Standpunkt Präsident Johannes Steinhart: Trägheitsgesetz

25.06.2025 | Aktuelles aus der ÖÄK

Ein ruhender Körper bleibt in Ruhe, wenn keine äußeren Kräfte auf ihn einwirken, sagt das 1. Newtonsche Gesetz. In den vergangenen Wochen haben immer mehr Partner im Gesundheitswesen, Ökonomen und auch Medien begonnen, die Finanzgebarung der Österreichischen Gesundheitskasse kritisch zu hinterfragen. Langsam, sehr langsam, setzte sich in der Folge innerhalb der ÖGK ein gewisser Reflexionsprozess in Gang und man begann dort, auch einige innere Abläufe auf den Prüfstand zu stellen. Leider scheuen die ÖGK-Funktionäre aber immer noch davor zurück, an den großen Stellschrauben zu drehen, die eine nachhaltige Problemlösung bewirken würden. Stattdessen ergeht man sich in Rechtfertigungen, Scheindebatten und Nebelgranaten. Dass intern darüber diskutiert wird, wie oft die Fenster der Bürotürme geputzt werden, ist ein netter Ansatz, aber letztendlich ebenso wie die Debatten über MR/CT-Untersuchungen oder Physiotherapien nur ein kleines Pflaster auf eine klaffende Wunde. Zeitgleich arbeiten die ÖGK-Funktionäre weiter am Aufbau teurer Parallelstrukturen und weiterer defizitärer Ambulatorien.

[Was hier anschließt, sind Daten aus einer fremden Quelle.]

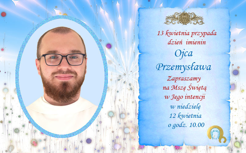 W poniedziałek 13 kwietnia swoje imieniny obchodzi o. Przemysław Pelikan. Msza św. w intencji solenizanta odbędzie się w niedzielę 12 kwietnia o godz. 1000 .Serdecznie zapraszamy!

Das ist gelinde gesagt irritierend für alle, denen das solidarische Gesundheitssystem und die Finanzierung der wichtigen Säule ÖGK am Herzen liegt. Allzu groß scheint das Problembewusstsein leider noch nicht zu sein.

Mit der vom Bund angekündigten Finanzspritze sollte es der ÖGK nun möglich sein, endlich wieder die Verhandlungen aufzunehmen, die in manchen Bundesländern schon seit Monaten stillstehen. Aber ohne große Reformen und die Umsetzung von Synergieeffekten ist die Gefahr groß, dass wir in zwei Jahren wieder beim Status quo ankommen und die ÖGK-Finanzierung wieder in Frage steht. Wir werden daher nicht müde werden, diese Reformen einzufordern – im Sinne unserer Patientinnen und Patienten und auch im Sinne der Leistungserbringer im System.